**Assignment:** Set the data down exactly as it stands, and keep its pictures out.

**The data:**
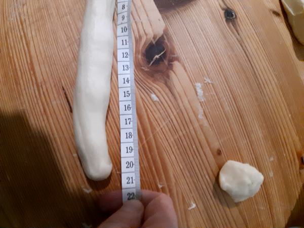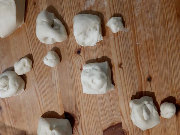 Prendete ogni pezzo di pasta e dividetelo in una parte più grande di circa 70 g e l’altra parte di circa 15 g.
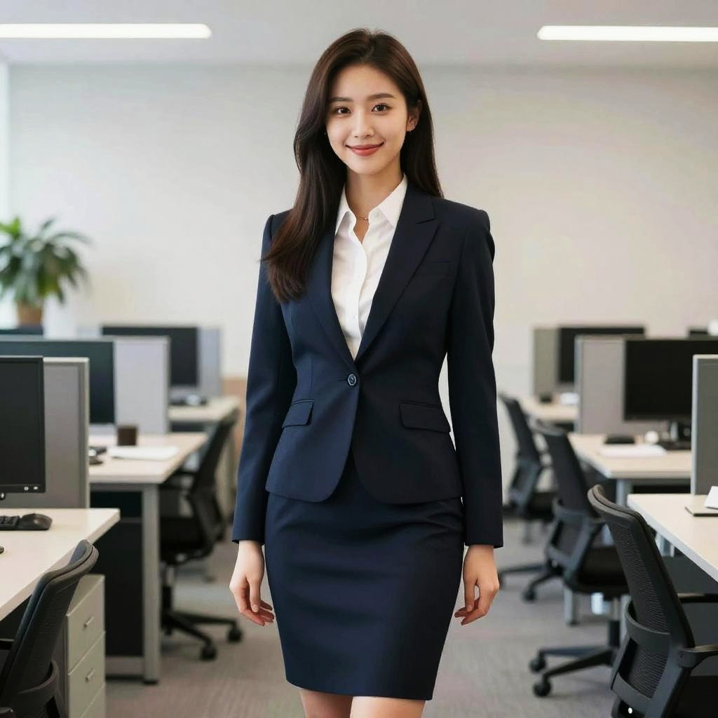 Charming Office Lady Sitting on Desk
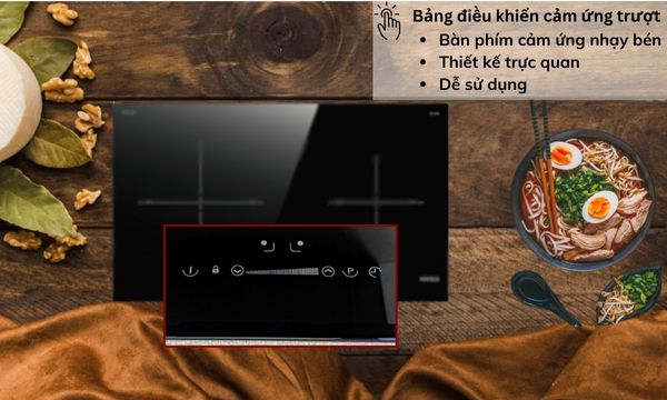 Bếp từ 536.61.787 trang bị bảng điều khiển cảm ứng chọn mượt mà dùng chung cho cả 2 vùng nấu, dễ dàng điều chỉnh 9 mức công suất gia nhiệt chỉ bằng các thao tác trượt kéo đơn giản.

**Exercise solution:**
 Prendete ogni pezzo di pasta e dividetelo in una parte più grande di circa 70 g e l’altra parte di circa 15 g.
 Charming Office Lady Sitting on Desk
 Bếp từ 536.61.787 trang bị bảng điều khiển cảm ứng chọn mượt mà dùng chung cho cả 2 vùng nấu, dễ dàng điều chỉnh 9 mức công suất gia nhiệt chỉ bằng các thao tác trượt kéo đơn giản.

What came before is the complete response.